Source: PA
David Willetts has drawn praise from an unlikely quarter for his support for longitudinal research and his “prolonged and persistent” campaign to persuade the government to spend millions of pounds on a new birth cohort study.
Left-leaning commentator Polly Toynbee said she was “unaccustomed to praising this government”, but thanked the universities and science minister for “putting evidence first – even if that risks history recording some awkward facts about this era”.
Speaking at the launch of a report for the Academy of Social Sciences, Making the Case for the Social Sciences – Longitudinal Studies, Ms Toynbee said that birth cohort studies were “the crown jewels…in the long and distinguished history of British social science”.
Her main regret was that the UK’s “world-class longitudinal data” were seldom matched by “world-class social policy based on [them]”.
Diana Kuh, director of the Medical Research Council Unit for Lifelong Health and Ageing, described how collecting fresh data from the 1946 birth cohort had enabled researchers to demonstrate that “the health legacy of social inequality in childhood persists up to retirement”.

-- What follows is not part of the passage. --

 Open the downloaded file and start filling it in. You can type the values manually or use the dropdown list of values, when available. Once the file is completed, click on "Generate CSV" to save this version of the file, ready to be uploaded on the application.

Similar studies were essential for addressing “the scientific and political priority” to “improve the well-being of ageing baby boomers”.
Mr Willetts told the event that he wanted to “maintain the canonical succession of birth cohort studies dating back to 1946”, even though this had been interrupted between 1970 and 2000, and “to collect the data for others to use in 50 years’ time in ways we can’t imagine”.
Yet he also issued a challenge to academics. He poked gentle fun at those who, when he was trying to organise a tour by experts to explain the new fees regime, had asked them not to go to certain institutions, so researchers could carry out a comparative analysis of the initiative’s impact.
He also suggested that the UK needed far more research on “the difficult question of: ‘How much social mobility do you buy for different interventions at different stages of the life cycle?’”
Meanwhile, Ziyad Marar, global publishing director of SAGE, which sponsored the event at the BIS Conference Centre on 11?June, highlighted “a climate of mixed fortunes for social science”.
He referred to controversial moves by Republicans in the US to take away funding for political science from the National Science Foundation.
While the UK had seen less “intellectual vandalism” of that kind, he was still worried by how often “big science drives the debate”, for example on open access.